As the highest of high tides more frequently cause flooding in areas across coastal Florida, homeowners need to be prepared to act because rising waters can damage their homes and property, experts say.
“We started pushing the warnings two years ago,” said Jessica Beach, St. Augustine, Florida’s chief resiliency officer. “Just to put it on people’s minds to be aware.”
King tides is a layman’s term for perigean spring tides, a phenomenon where high and low tides stretch beyond their usual limits. Occurring in both spring and fall, king tides are mostly noticeable in Florida in September and October.
While king tides have been happening as long as there has been a sun, a moon and oceans, rising seas are bringing them higher and more often into cities and communities where homes could be affected. The tides can contribute to coastal Florida’s widespread flooding issues, and they are offering experts a glimpse of the impact that more permanent sea level rise will have on the state.
“There will need to be some neighborhoods that get abandoned,” said Colin Polsky, associate vice president of the Broward County campuses of Florida Atlantic University. Polsky is also a founding member of the school’s Center for Environmental Studies.
High tides are getting higher
Tide stations across Florida have measured water levels more than 2 feet above normal during king tides, according to The Invading Sea, a publication by FAU. In October 2023, Miami Beach saw a rise of 2.75 feet.
The ocean has four tides every day, two high and two low. A typical year might include fewer than 10 king tides, and not all will cross into urban areas. “You can count [annual incidents] on two hands,” Polsky said.
Once the water is there, it will be there for roughly two hours, Polsky said. It will drain with the low tide but return six hours later with the arrival of the next high tide.
What’s happening is that more king tides are encroaching farther into cities. “We’re seeing an increase in the frequency of high tides breaching places they didn’t breach before,” Beach, the St. Augustine officer, said.
In St. Augustine, the tides can be high enough to reach King Street downtown, whether the water comes over the ground from the beach or surges through the storm drains and floods lower streets.
“It can affect residents being able to navigate to different places,” Beach said, adding that the city puts up signs on streets where flooding is predicted.
Driving through salt water can damage the underside of vehicles.

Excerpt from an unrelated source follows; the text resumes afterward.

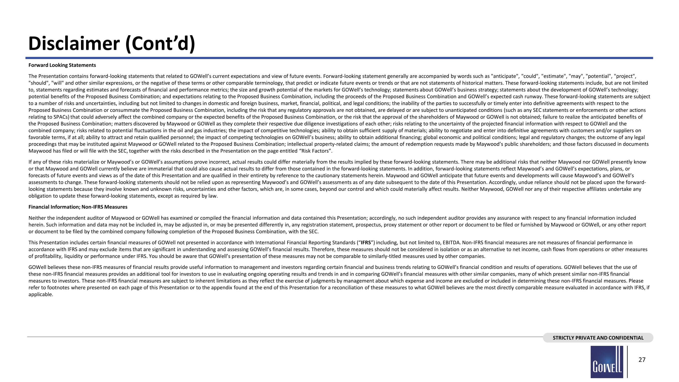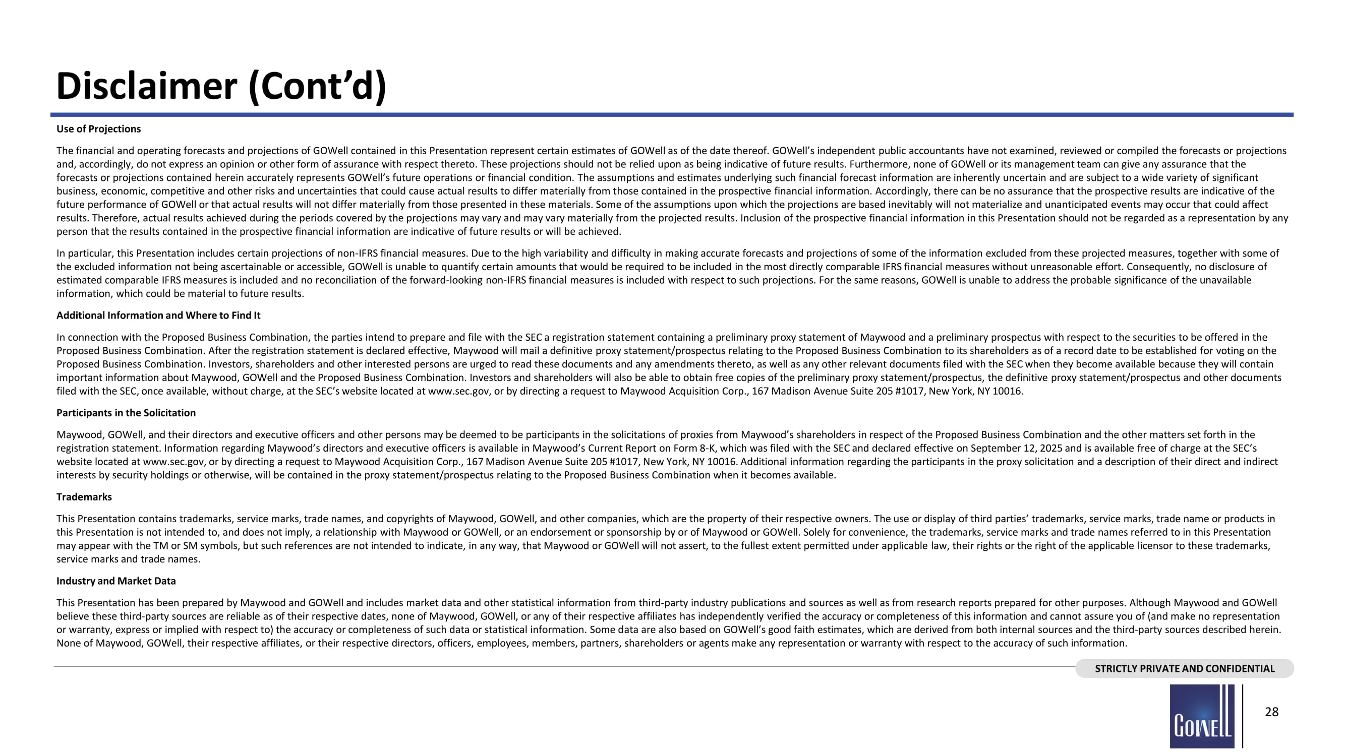 STRICTLY PRIVATE AND CONFIDENTIAL Disclaimer (Cont’d) 27 Forward Looking Statements The Presentation contains forward - l o o k i n g s t a t e m e n t s t h a t r e l a t e d t o G O W e l l ’ s c u r r e n t e x p e c t a t i o n s a n d v i e w o f f u t u r e e v e n t s . F orward - looking statement generally are accompanied by words such as "anticipate", "could", "estimate", "may", "potential", "proj ect", "should", "will" and other similar expressions, or the negative of these terms or other comparable terminology, that predict or indicate future events or trends or that are not statements of historical matters. These forward - looking statements include, but are not limited to, statements regarding estimates and forecasts of financial and performance metrics; the size and growth potential of the m ark e t s f o r G O W e l l ’ s t e c h n o l o g y ; s t a t e m e n t s a b o u t G O W e l l ’ s b u s i n e s s s t r a t e g y ; s t a t e m e n t s a b o u t t h e d e v e l o p m e n t o f G O W e l l ’ s t e c h n ology; potential benefits of the Proposed Business Combination; and expectations relating to the Proposed Business Combination, incl udi n g t h e p r o c e e d s o f t h e P r o p o s e d B u s i n e s s C o m b i n a t i o n a n d G O W e l l ’ s e x p e c t e d c a s h r u n w a y . T h e s e f o r w a r d - looking statements are subject to a number of risks and uncertainties, including but not limited to changes in domestic and foreign business, market, financ ial , political, and legal conditions; the inability of the parties to successfully or timely enter into definitive agreements wi th respect to the Proposed Business Combination or consummate the Proposed Business Combination, including the risk that any regulatory approva ls are not obtained, are delayed or are subject to unanticipated conditions (such as any SEC statements or enforcements or other ac tions relating to SPACs) that could adversely affect the combined company or the expected benefits of the Proposed Business Combina tio n, or the risk that the approval of the shareholders of Maywood or GOWell is not obtained; failure to realize the anticipated be nefits of the Proposed Business Combination; matters discovered by Maywood or GOWell as they complete their respective due diligence in ves tigations of each other; risks relating to the uncertainty of the projected financial information with respect to GOWell and the combined company; risks related to potential fluctuations in the oil and gas industries; the impact of competitive technologi es; ability to obtain sufficient supply of materials; ability to negotiate and enter into definitive agreements with customers an d/ or suppliers on favorable terms, if at all; ability to attract and retain qualified personnel; the impact of competing technologies on GOWell ’ s business; ability to obtain additional financing; global economic and political conditions; legal and regulatory changes; the ou tcome of any legal proceedings that may be instituted against Maywood or GOWell related to the Proposed Business Combination; intellectual prope rty - r e l a t e d c l a i m s ; t h e a m o u n t o f r e d e m p t i o n r e q u e s t s m a d e b y M a y w o o d ’ s p u b l i c s h a r e h o l d e r s ; a n d t h o s e f a c t o r s d i s c u s s e d i n d o c u ments M a y w o o d h a s f i l e d o r w i l l f i l e w i t h t h e S E C , t o g e t h e r w i t h t h e r i s k s d e s c r i b e d i n t h e P r e s e n t a t i o n o n t h e p a g e e n t i t l e d “ R i s k Fa c t o r s ” . I f a n y o f t h e s e r i s k s m a t e r i a l i z e o r M a y w o o d ’ s o r G O W e l l ’ s a s s u m p t i o n s p r o v e i n c o r r e c t , a c t u a l r e s u l t s c o u l d d i f f e r m a t e r i a l ly from the results implied by these forward - looking statements. There may be additional risks that neither Maywood nor GOWell p resently know or that Maywood and GOWell currently believe are immaterial that could also cause actual results to differ from those contain ed in the forward - looking statements. In addition, forward - l o o k i n g s t a t e m e n t s r e f l e c t M a y w o o d ’ s a n d G O W e l l ’ s e x p e c t a t i o n s , p l a n s , or forecasts of future events and views as of the date of this Presentation and are qualified in their entirety by reference to the c a u t i o n a r y s t a t e m e n t s h e r e i n . M a y w o o d a n d G O W e l l a n t i c i p a t e t h a t f u t u r e e v e n t s a n d d e v e l o p m e n t s w i l l c a u s e M a y w o o d ’ s a n d G O W ell ’ s assessments to change. These forward - l o o k i n g s t a t e m e n t s s h o u l d n o t b e r e l i e d u p o n a s r e p r e s e n t i n g M a y w o o d ’ s a n d G O W e l l ’ s a s s e s s ments as of any date subsequent to the date of this Presentation. Accordingly, undue reliance should not be placed upon the f orw ard - looking statements because they involve known and unknown risks, uncertainties and other factors, which are, in some cases, b eyo nd our control and which could materially affect results. Neither Maywood, GOWell nor any of their respective affiliates unde rta ke any obligation to update these forward - looking statements, except as required by law. Financial Information; Non - IFRS Measures Neither the independent auditor of Maywood or GOWell has examined or compiled the financial information and data contained th is Presentation; accordingly, no such independent auditor provides any assurance with respect to any financial information inclu ded herein. Such information and data may not be included in, may be adjusted in, or may be presented differently in, any registr ati on statement, prospectus, proxy statement or other report or document to be filed or furnished by Maywood or GOWell, or any o the r report or document to be filed by the combined company following completion of the Proposed Business Combina

The city recommends that people who have to drive through flooded roads drive slowly, but Beach said many drivers speed up to avoid getting stuck in low points.
“The wake [from speeding cars] is actually what creates the damage,” she said. “That wake can get into garages and houses.”

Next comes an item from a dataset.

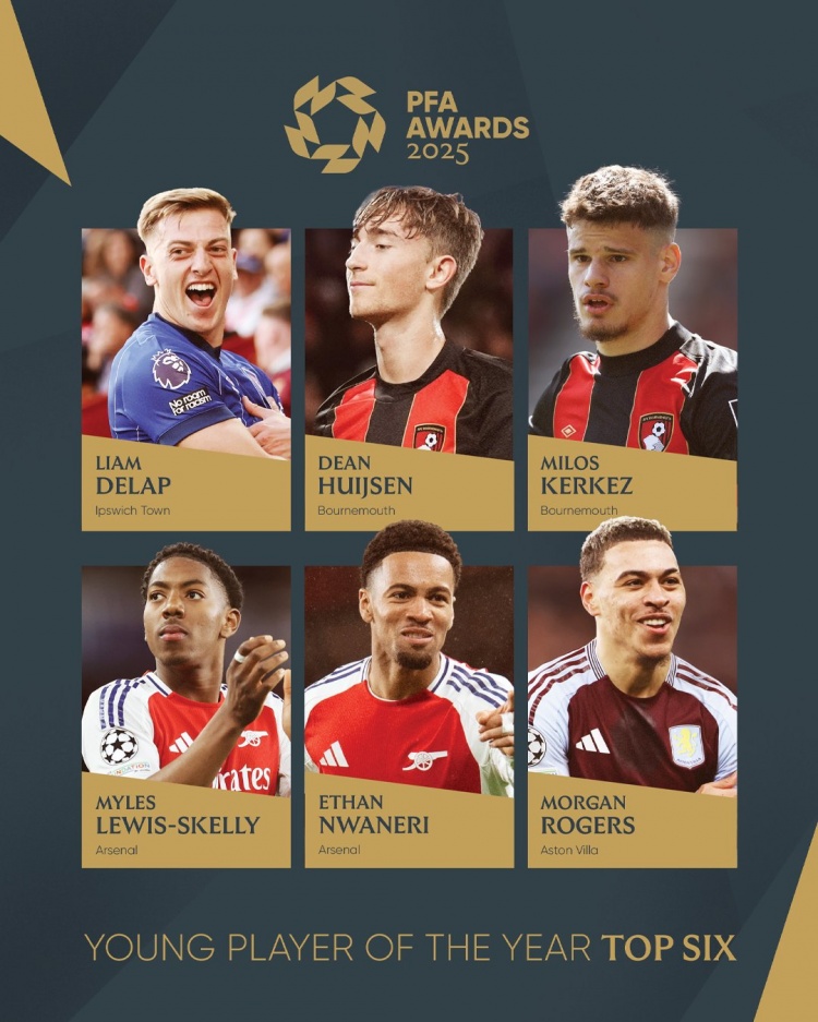PFA最佳年轻球员前六:德拉普、怀森、斯凯利、罗杰斯在列

When this occurs, the primary concern is from saltwater corrosion, Polsky said. “That's definitely bad for your automobile when you drive through standing water," he said. "Similarly, when the water is in your lawn, the saltiness is going to torch your grass and your garden. If you get water in your house, whether it's saltwater or freshwater, it stinks."

Compound flooding
King tides are as predictable as Earth’s orbit, and cities such as St. Augustine have installed monitors to get an idea of how much water they will bring. Still, one of the biggest hazards with the tides is known as sunny-day flooding, when most people aren’t expecting to drive into a sudden river.

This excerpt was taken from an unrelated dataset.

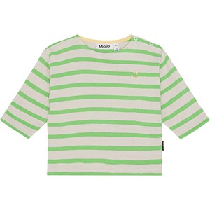 Voor kleine kinderen een gestreept shirt met lange mouwen van zacht biologisch katoen. Het shirt heeft een ronde hals met een ribboord, een ruimvallende pasvorm en twee drukknopen op de linkerschouder. Het heeft groene en zandkleurige strepen en op de borst een kleine gele geborduurde smiley.

Current king tide levels don’t typically enter St. Augustine homes, Beach said, but they can be exacerbated by heavy winds and fall storms that create an event known as compound flooding.
Beach recalled a nor’easter that slammed her city during a king tide in 2020. “It’s like flooding everywhere,” she said.
But unlike other major storms, this wasn’t accompanied by any warning from the National Weather Service. “There’s not really an official event, but we experienced it locally. It heightens our desire to push information out.”
Tides and sea level rise are tough to fight. St. Augustine and other cities have installed tide check valves that work to reduce or prevent seawater from entering the storm drain system.
“Those work pretty well,” Beach said. “They’re not a 100% solution, but they help.”
Polsky called valve technology a “Band-Aid.” Mitigation strategies are available but limited, he said.
“There's some diversion of the water—you can build retention ponds and swales, and there are things you can do that will allow us to live with the water better,” Polsky said. “You can invest in a stronger pump at the sea gates … There's not a single technology or answer to it.”
'A delicate conversation'
As for determining which communities will have to undergo the drastic step of depopulating, “that’s a delicate conversation,” Polsky said.
The Southeast Florida Regional Climate Compact estimates roughly 10 to 17 inches of sea level rise by 2040, and it predicts that could lead to approximately 573 additional tidal events annually in South Florida alone.
Polsky said the size of the challenge is daunting, but people are stepping up to address it.
“Sometimes it's a real sobering experience being in this field, but it's also sometimes quite inspirational," he said. "The work that's gone on here in the last five to ten years is really quite amazing. It gives one a sense of optimism, even though we know the process of fewer neighborhoods is underway."
Beach said St. Augustine is working on an alert system for king tides that it hopes to debut this fall.
“We’re a very low city,” she said. “It’s a game of inches.”